The industry is dominated by four huge poultry companies—Tyson, Pilgrim’s, Sanderson Farms, and Perdue—who control the lives of chicken farmers living at or below the poverty line.

Ninety-seven percent of chicken is produced on contract farms, where farmers pay for the land and equipment, while companies just provide the chickens ... and a lot of rules about how they have to be raised (i.e. without fresh air or sunlight.)

Although the growers technically own their facilities and equipment, the companies force them to pay for upgrades that sometimes cost more than their original buildings, and they typically have to take out loans for all that stuff. If the farmers say no? Well, no more chickens.

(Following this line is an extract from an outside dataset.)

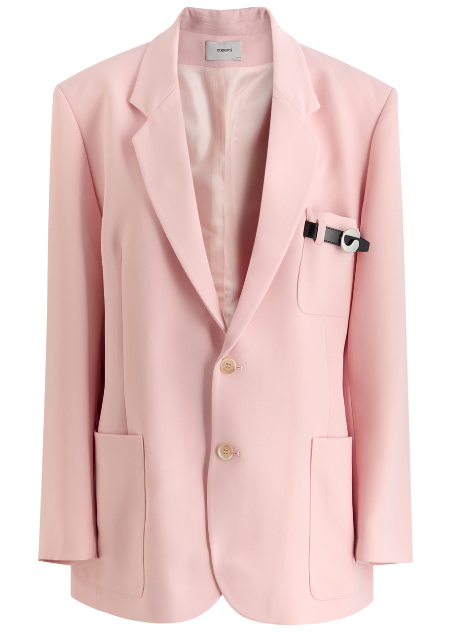 Info & Care Coperni woven blazer Notched lapels, padded shoulders, logo plaque at cuffs, belt loops at chest patch pocket, detachable leather strap with logo plaque, two front patch pockets, back vent, internal slip pocket, fully lined Button fastenings at front 100% wool; lining: 52% acetate, 48% viscose Dry clean Size & Fit Length shoulder to hem: 30 inches/ 76cm Midweight Relaxed;fit Model is 5'11"/ 180cm and wears a size small

But it’s actually more subtle and ruthless than that: Growers all compete in a tournament with other farms in their area, and companies punish the losers with heavy financial penalties. They can also retaliate against complainers or weaker performers by providing them with lower-quality chicks, guaranteeing that they lose future tournaments (and risk losing their farms altogether).

The Obama administration offered reforms that farmers desperately needed, but congress has neutered them every year thanks to Rep. Steve Womack, who “coincidentally” represents the Third District of Arkansas, home to ... wait for it ... Tyson Foods.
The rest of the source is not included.